For western studies on modern Chinese politics, the “Party-State” research paradigm, largely adapted from earlier studies on the Soviet Union, has been the dominant approach. Doctrine of this paradigm is that the ruling party directly or indirectly controls the whole state through a variety of institutions and organs in public and private sectors alike. Although such approach has been critiqued as static and superficial by influential Sinologists and China observers, as the country deepening  opening-up and reforms, it seems to be very popular among mainstream western media as a handy cognitive-template on China affairs. Its simplicity comes at the cost of real insights and underlying dynamics of Chinese socio-economic development. A distorted “Party-State” narrative plus some deep distrusts toward China’s international behavior have led to a largely problematic story-telling on China’s PPE donation or medical aid to other countries. To any seasoned China observers, such narrative is excessively narrow-minded, and it largely reveals the weakening confidence in western ideological and political system in face of a global crisis.
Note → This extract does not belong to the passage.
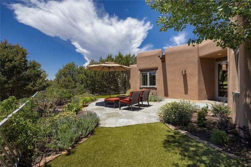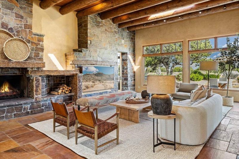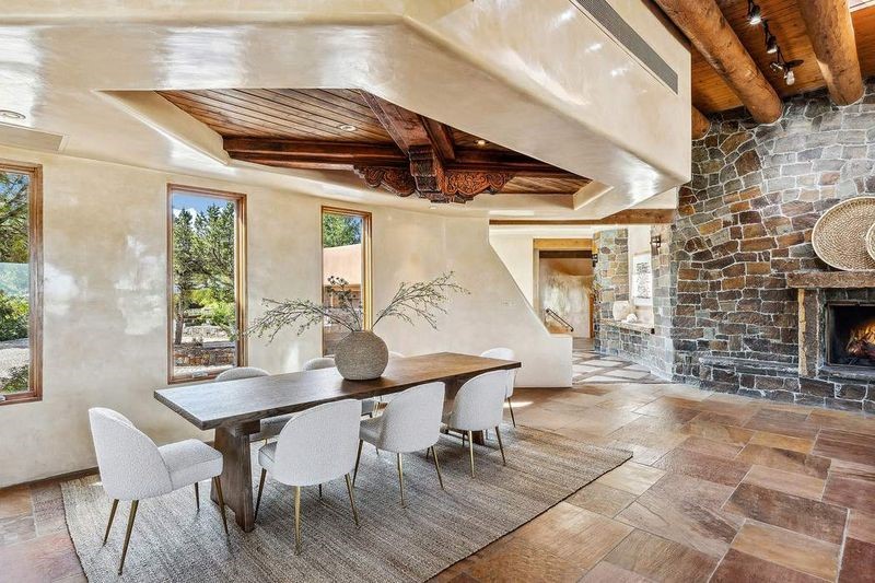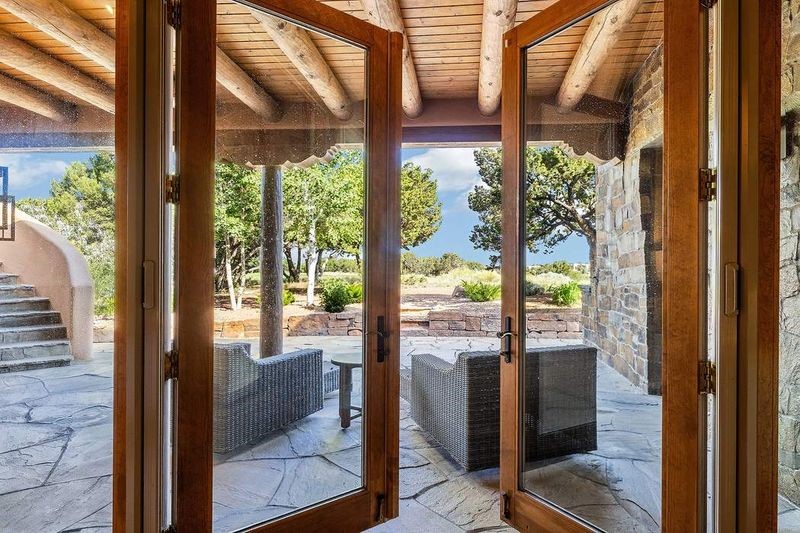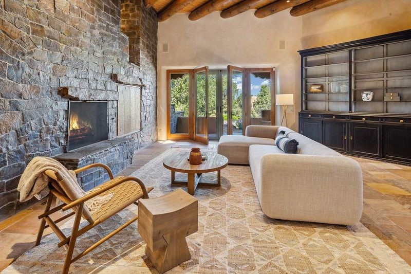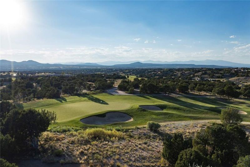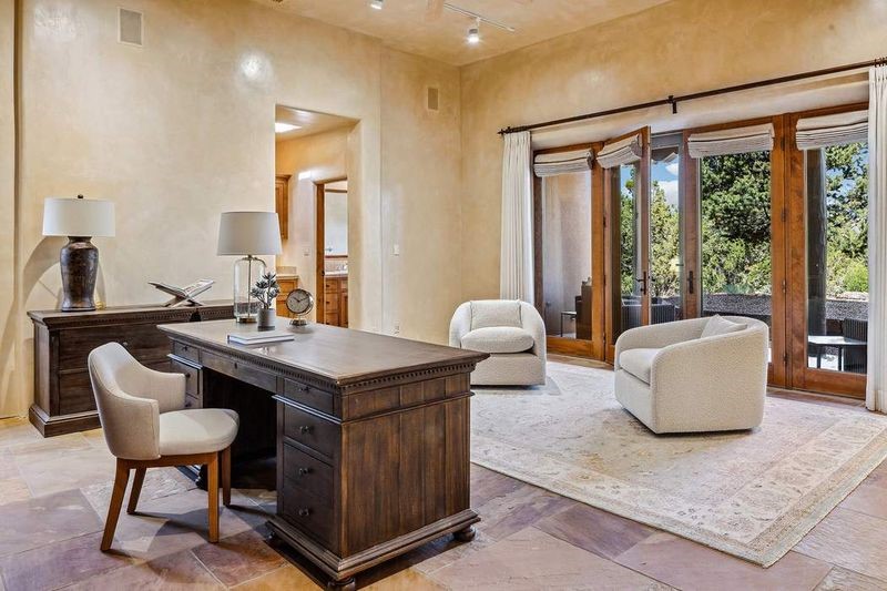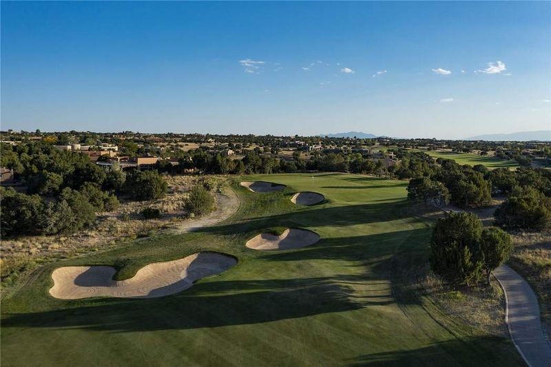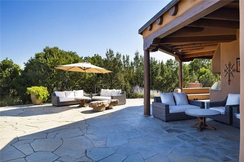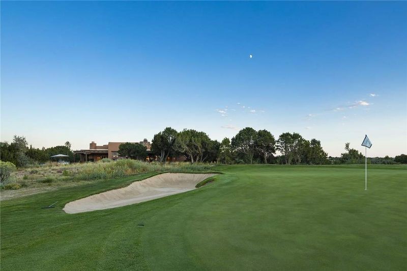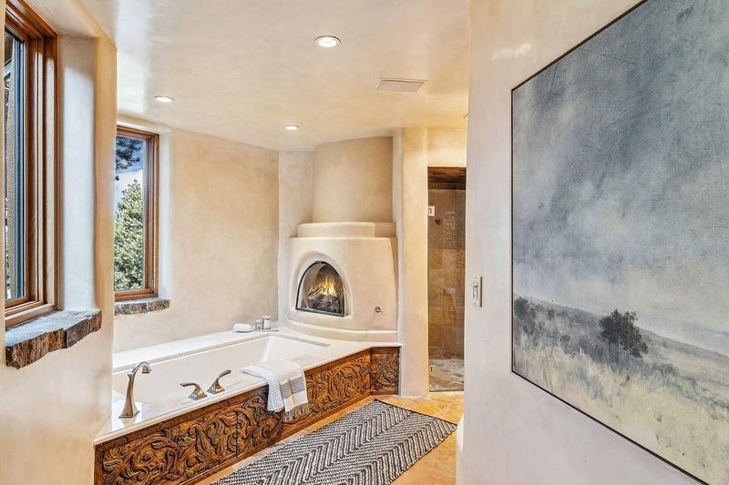 One of the most extraordinary estates in all of Santa Fe, this exquisite 7,700 square foot house and guest house with stunning Jemez Mountain views is sited to perfection overlooking the 14th green on the Sunrise Golf Course within the master planned community of Las Campanas. Designed to celebrate the ultimate Santa Fe lifestyle, this Rastra and Pumice Crete-constructed estate was built and updated with the highest level of luxury finishes, which impresses with superior custom craftsmanship and offers an incredible outdoor living experience with vibrant landscape, a rare viewing deck with a fireplace, and surround outdoor entertainment areas, complete with outdoor fireplaces, and a built-in BBQ, all of which overlook the golf course and views. The 5700 square foot main house offers excellent separation of space with 3 bedrooms/5 baths + office/media room, with a dedicated wine room and a 2-car garage. Guests enjoy full independence with a spacious detached, 2,000 square foot, 2 bedroom/2 bath guest house, complete with a full kitchen, spacious living room, and a 2 car garage. Design features include a welcoming private driveway with custom pavers, a dramatic front entrance which beautifully captures the views upon entering the main house, a recently updated designer's island kitchen with state-of-the-art appliances and an expansive formal living room with stunning views, grand fireplace and portal access. Located off the main living room and kitchen is the spacious formal dining area and an intimate seating area, also with views and portal access. The private owner's suite delights with views, fireplace and a newly updated spa-like bath with natural stone counters, tranquil soaking tub with an elevated fireplace, walk-in shower, dual vanities and closets. Separate from the main living area, within the main house are 2 guest bedroom ensuites, which share their own living room. This epic home is a rare offering and represents true Santa Fe luxury with sophistication.

Civil actors and philanthropy have a key role to play in building a strong civil society. The outstanding and on-going performance of civil actors during the pandemic deserves much more credit and acknowledgement for studies and media coverage. The increasingly distorted cognition of “Party-State” as western media’s narrative-template needs serious correction to better understand today’s China and her interaction with a post-pandemic world, to bring more mutual trust and shared interests.

 

Dr. GAO Yang is the Director of Strategic Development & Research at Tsinghua University Education Foundation. He is an expert on Chinese political-economy with extensive research and working experience in New Zealand, Australia, US, and China.